Но раз так разворачиваются события, — если так зримо торжествует пошлость, если вместе с тем возможны не только мечты о новой жизни, но и какие-то практические действия, — то в новом свете предстает и благодушное философствование на ту тему, что жизнь сама мало-помалу изменится к лучшему, в особенности та прекраснодушная мечтательность о лучшем будущем, которая не уберегает героя от пошлости, не мешает умножать ее. Ведь Андрей Прозоров тоже философствует о будущем. Предубеждение к труду, лень, гнилая скука, равнодушие — это не абстрактные понятия в пьесе, они тоже воплощены в действующих лицах. Переписывая пьесу в Москве, потом в Ницце, Чехов и стремился в первую очередь подчеркнуть эти ведущие, определяющие черты своих героев: например, последовательность и целеустремленность Ирины, лень, равнодушие, опустошенность доктора Чебутыкина.
К великому огорчению писателя, всех этих столь важных, столь существенных оттенков в характеристике действующих лиц, оттенков в настроении, в звучании пьесы Художественный театр не улавливал, а если и улавливал, то не придавал им должного значения. Вот это и наполняло сердце Чехова глубочайшей тревогой за судьбу его детища.
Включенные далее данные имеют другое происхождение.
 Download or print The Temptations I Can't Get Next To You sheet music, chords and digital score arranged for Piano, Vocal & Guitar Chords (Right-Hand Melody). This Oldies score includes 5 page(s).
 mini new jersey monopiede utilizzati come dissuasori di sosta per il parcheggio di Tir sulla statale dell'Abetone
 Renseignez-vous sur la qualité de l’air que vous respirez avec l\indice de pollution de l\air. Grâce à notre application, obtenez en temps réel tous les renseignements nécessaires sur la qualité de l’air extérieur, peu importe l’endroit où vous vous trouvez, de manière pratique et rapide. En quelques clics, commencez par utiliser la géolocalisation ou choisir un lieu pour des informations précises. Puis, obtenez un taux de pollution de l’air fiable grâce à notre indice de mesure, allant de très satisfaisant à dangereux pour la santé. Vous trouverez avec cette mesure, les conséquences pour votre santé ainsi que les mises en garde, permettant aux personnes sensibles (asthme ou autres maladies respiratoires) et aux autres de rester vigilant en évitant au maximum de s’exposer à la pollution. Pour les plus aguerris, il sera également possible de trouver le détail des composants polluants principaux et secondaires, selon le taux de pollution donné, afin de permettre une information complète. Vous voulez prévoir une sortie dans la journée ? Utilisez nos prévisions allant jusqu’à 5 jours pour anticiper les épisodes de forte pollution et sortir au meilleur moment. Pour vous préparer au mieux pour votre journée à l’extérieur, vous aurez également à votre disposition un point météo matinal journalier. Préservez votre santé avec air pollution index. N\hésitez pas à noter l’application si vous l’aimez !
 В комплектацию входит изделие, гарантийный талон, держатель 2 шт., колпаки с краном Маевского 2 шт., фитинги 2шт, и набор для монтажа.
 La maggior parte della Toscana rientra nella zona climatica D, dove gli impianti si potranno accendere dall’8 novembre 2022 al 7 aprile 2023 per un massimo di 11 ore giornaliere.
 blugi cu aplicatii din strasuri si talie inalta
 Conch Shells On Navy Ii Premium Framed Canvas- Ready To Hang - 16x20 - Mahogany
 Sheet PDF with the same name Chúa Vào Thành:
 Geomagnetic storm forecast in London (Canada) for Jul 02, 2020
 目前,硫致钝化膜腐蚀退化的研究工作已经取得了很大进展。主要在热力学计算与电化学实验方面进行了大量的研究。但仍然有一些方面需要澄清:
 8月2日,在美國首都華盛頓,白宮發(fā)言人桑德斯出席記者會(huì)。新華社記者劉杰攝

Судьба этой пьесы, ее звучание так особенно остро волновали Антона Павловича потому, что она впитала в себя многое, что было лично им выстрадано.
Он писал роль Маши для Книппер, верил в нее и именно поэтому воплотил в этой роли так много своего — чеховского. "Люди, которые давно носят в себе горе и привыкли к нему, только посвистывают и задумываются часто…" Но разве не таким был сам писатель? Разве не так нес он свое горе — свою тяжкую болезнь, свои страдания и огорчения?